On 15 May 2005 the navy's commander Admiral Vladimir Kuroyedov told Interfax that the Russian Navy was undertaking a project to develop a new aircraft carrier. "We are beginning work to develop a new aircraft carrier in 2005. Construction is to begin after 2010," Kuroyedov said. "We are launching this development project and will involve leading experts to find out which materials and weapons we'll need and how many aircraft carriers should be built," he said. Kuroyedov earlier told journalists that the navy is planning to put the new carrier into service in the Northern Fleet by 2016-17. Another carrier will be built for the Pacific Fleet, he said. "Deck aviation has a good future. A new multi-purpose aircraft will be created in a few years," Kuroyedov said.
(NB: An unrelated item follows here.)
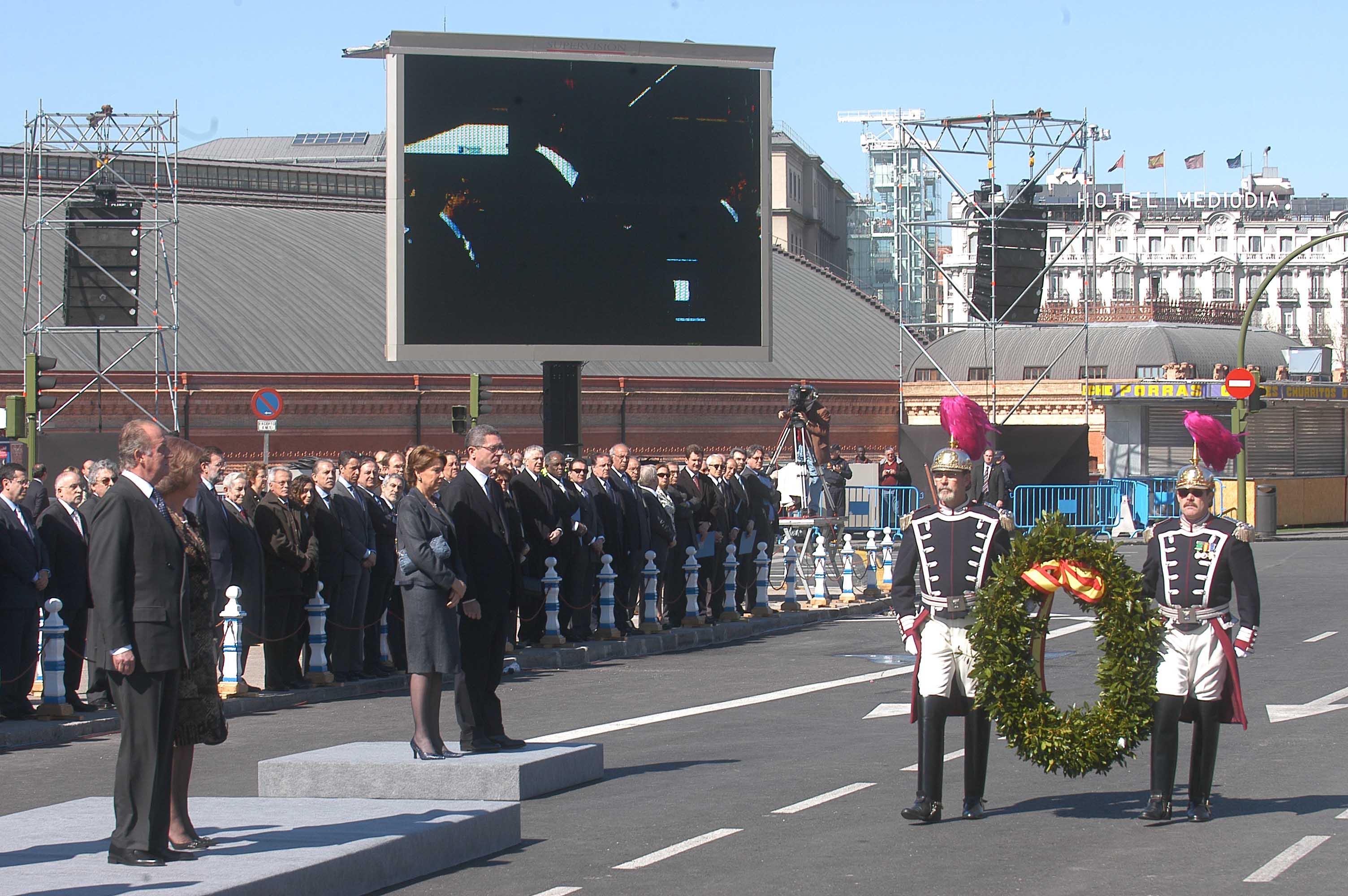 El alcalde de la Ciudad de Madrid, Alberto Ruiz-Gallardón, ha asistido a la inauguración del monumento en homenaje a las víctimas del atentado del 11-M, acto que han presidido Sus Majestades los Reyes. También han asistido los Príncipes de Asturias; el presidente del Gobierno, José Luis Rodríguez Zapatero; la presidenta de la Comunidad de Madrid, Esperanza Aguirre, y la ministra de Fomento, Magdalena Álvarez, entre otras autoridades. El alcalde ha acompañado a Sus Majestades los Reyes en el recorrido por la sala situada bajo el Monolito donde se encuentra la placa conmemorativa con los nombres de los fallecidos en el atentado. Tras una ofrenda floral, se han guardado tres minutos de silencio. El acto ha finalizado con la pieza musical “El cant dels ocells” de Pau Casals, interpretada al violonchelo por Antonio Martín Acevedo.
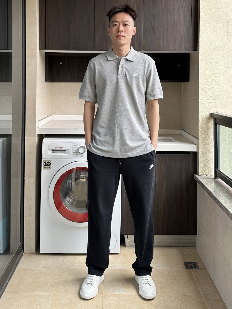 如图所示:推荐实用日常的一身🐾 黑灰两色Polo衫,百搭万能,适用任何场景 直筒休闲卫裤,想怎么搭配就怎么搭配 不挑脚型,棉质透气又舒服🌿 衣服:175/125 图上穿的S(一点偏大) 裤子:175/125 图上穿的M🪸

In July 2006 it was reported that Vladislav Putilin, the deputy chairman of the Military-Industrial Commission, stated that the Russian State Armaments Program for 2007-2015 did not cover the development of a number of weapons systems in Russia. In particular, no aircraft carriers are planned for construction. "The issue of our naval air carrier fleet will be decided upon after 2009. I cannot say how many will we have after 2015," Putilin said. Production of Su-33 naval fighters is not planned for the same reason.
In early 2007 the Russian government announced plans to build in Russia a complex for training deck aircraft pilots. The full-fledged training complex of the type NITKA stayed at Saki town on the Crimean in Ukraine after the disintegration of the USSR. The new one will be constructed over two to three years, and enter service by 2010. Russia, Ukraine and India signed an agreement on the joint using NITKA operated by the Ukrainian Air Force. The Russian Navy does plan on paying a lot of money to the Ukraine for leasing NITKA.
On 12 June 2007 ShipbuildingRu reported that former Secretary of the Security Council and member of the Duma [Russian parliament] Andrei Kokoshin spoke in favor of new aircraft carriers. Kokoshin stated that the new building program could start with a series of small aircraft carriers. Before, when he was the First Deputy Minister of Defense he personally supervised deliveries of the deck aviation to the Russia's existing aircraft carrier "Admiral Kuznetsov".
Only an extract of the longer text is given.